Yo-Yo Ma
(1955- )
 

In 1955, Ma was borne in Paris. Initially, as a child, Ma studied bothe the violin and viola. At the age of five, however, he debuted on the cello. He played a small, scaled-down instrument. Three years later, Ma moved, along withe his family, to the United States of America. At the age of nine, Ma enrolled at the famous Juilliard School of Music, New York. He was instructed by the American master cellist, Leonard Rose. Ma gave his first New York City public performance at the age of fifteen. When Leonard Bernstein, a famous American composer, presented Ma in a television program arranged to raise funds for the Lincoln Center for the Performing Arts, he gained national recognition, henceforward. In 1972, Ma attended Harvard University. During the next four years, while studying at Harvard, he passed his summers in Vermont participating in the Marlboro Music Festival. Ma gained international recognition when he won the Avery Fisher Prize in 1978.

Ma's recitals are marked by a fiery virtuosity as well as sensitivity. He performed as a concerto soloist bothe in recording studios and in the concert halls of most major orchestras.
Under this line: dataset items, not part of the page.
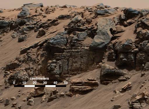 On remarque sur cette image des dépôts inclinés que l’on peut interpréter comme les dépôts de petits deltas alimentés par des rivières provenant des bords du cratère afin de former un lac là où se trouve le Mont Sharp maintenant.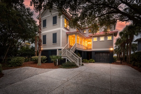 Breathtaking oceanfront home glowing at sunset, just steps from the pristine Isle of Palms beach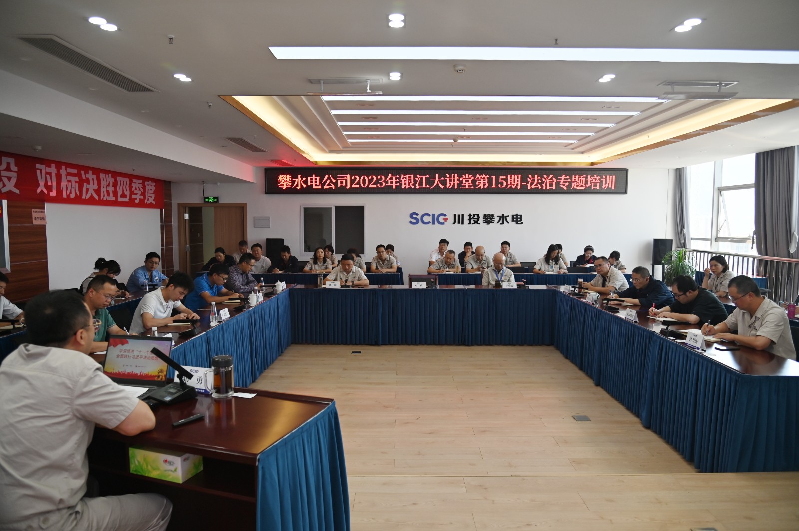 為深入學(xué)習(xí)宣貫黨的二十大精神,認真貫徹落實習(xí)近平法治思想,積極落實省國資委、川投集團、川投能源關(guān)于“送法進企業(yè)”活動要求,進一步提升企業(yè)依法治理和合規(guī)經(jīng)營能力,切實增強廣大干部職工法律意識和法治素養(yǎng),2023年10月31日,公司精心組織開展了第15期銀江大講堂——法治專題培訓(xùn),公司在攀領(lǐng)導(dǎo)、員工及參建單位人員共計40余人參加培訓(xùn)。

His interests, however, fall in chamber music. He has collaborated withe such colleagues as American borne violinist, Sir Yehudi Menuhin, American violinist, Pinchas Zukerman, and American pianist, Emanuel Ax. He is recognised for his interpretations of the sonatas of German composer, Ludwig van Beethoven, as well as the compositions of the German composer, Johann Sebastian Bach. His interpretations of the music of Russian composer, Dmitry Shostakovich, and of Hungarian composer, Béla Bartók, are also noteworthy. Ma, to this day, remains alive and well.